仕事さえできればいいのだ。つまりは金である。
高層ビルの最上階に住んで、風呂からワイン片手に下界を見下ろし『勝った』とひとり呟く男がかっこいいのだ。
......ここでも十七点が幅を利かせてきやがる。全く忌々しい。
数学を集中的に勉強することを心に決めた。
「じゃあ、話くらい、聞く......。――真犯人なんているの?」
「うん、いる。さっきの便覧がその証拠」
「? どうして?」
結衣が頭を傾げた。同時に俺も首をひねる。
「竹田は最初に田中の課題プリントを見つけたとき、本来、机の中は完全に空になっていたはずだと言っていた」
「でも、それが嘘かもしれないし......」
「いや、その可能性は薄い」
「なんで......」
「空になっているはずの机に何か入っていれば、それはすでに嘘をついたことになる。竹田はギャルだけどバカじゃない。そんな、すこし机の中を確認されるだけで不利になるようなこと、あんな大きな声で言わない。」
「でも......」
「それに、竹田が帰るといった時、机の中を気にしていたならぶつかるなんてミスは犯さない。というかまず、あのまま帰るなんて選択はしない」
京香の説明は、まあ少し考えれば納得できるようなものだったが、それはすべて『竹田が冷静に事を運ぼうとしていた』という前提のもとでようやく成り立つ。

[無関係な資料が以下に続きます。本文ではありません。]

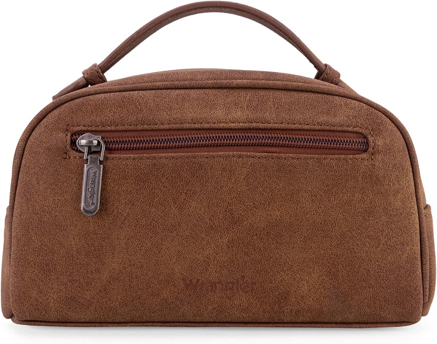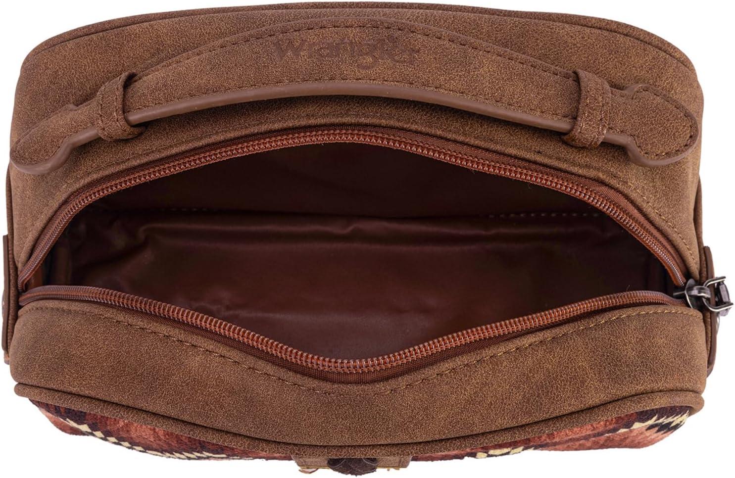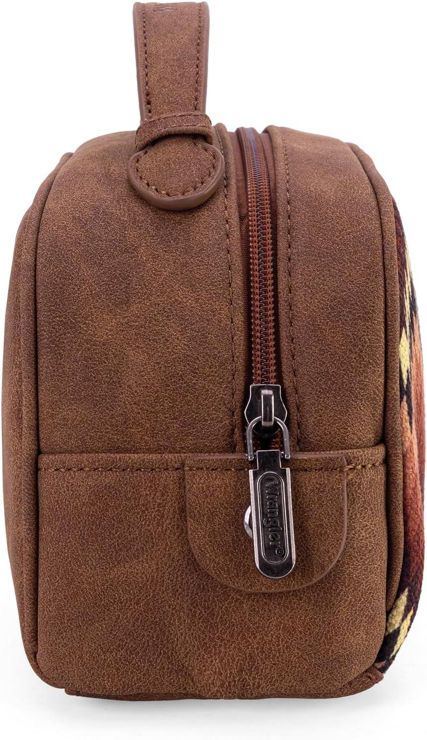 imageMontana West Wrangler Makeup Bag for Women Small Cosmetic Toiletry Bags Western Make Up Pouch Durable Cute Travel Purse Dark PinkAztecBrown

しかし、その前提が成立するかどうかは竹田自身を問い詰めなくてはわからないことだ。
根本的な納得はまだできない。
「じゃあ、分かった。今から手っ取り早く真犯人の存在を証明するための実験をする。――田中、ジュース買ってきて」
「はあ? なんで?」
「実験で使うから」
「意味わからん」
こいつ、どさくさに紛れて俺をだまそうとしているんじゃなかろうか。
「べつに何の飲み物でもいい。早く――お金は払うから」
「......わかった」
「けっきょく金か」
うるせい。
田中祐樹はけっちいのである。
「買ってきたぞ。――で、これでどうすんだよ」
「どうも、じゃあこれ、読んで」
「?」
人数分のジュースを机に置くと、京香から紙が一枚渡された。
そこには
『下の文を読んで
ああ、このジュース高かったなあ
はやく飲みたいなあ』
京香に疑問のまなざしを向けてみるが、きょとんとした顔で返された。
......なんなんだ。
まあ、これも実験なのだろう。のってやるしかない
「あー。ジュース高かったなー。はやく飲みたいなー」
「で、でもちょっと今から教室戻るんだよね?」
「?」
結衣がぎこちなくそう言った。
「そうだよ。じゃあ、もう一回はなしを聞きに行こうか」
「うん。すぐ出よう」
京介も京香も、どこか硬さがある口調だ。が、京介たちはぞろぞろ出入り口に向かいだした。
......。
んん?
「......なんだ? これ」
「......しっ、だよ」
「......お、おう?」
結衣に状況を聞こうとしたらとがめられた。まあ、黙ってついていくことにしよう。
部室を出て、廊下を突き当りまで行き、階段に差し掛かろうかというところで、
「よし、戻ろう」
「はあ?」
「これで実験は終わり、あとは部室に戻って結果を見るだけ」
うちの部室には閉じてる間に実験成功に向けて働くようなソシャゲ的機能はなかったはずだ。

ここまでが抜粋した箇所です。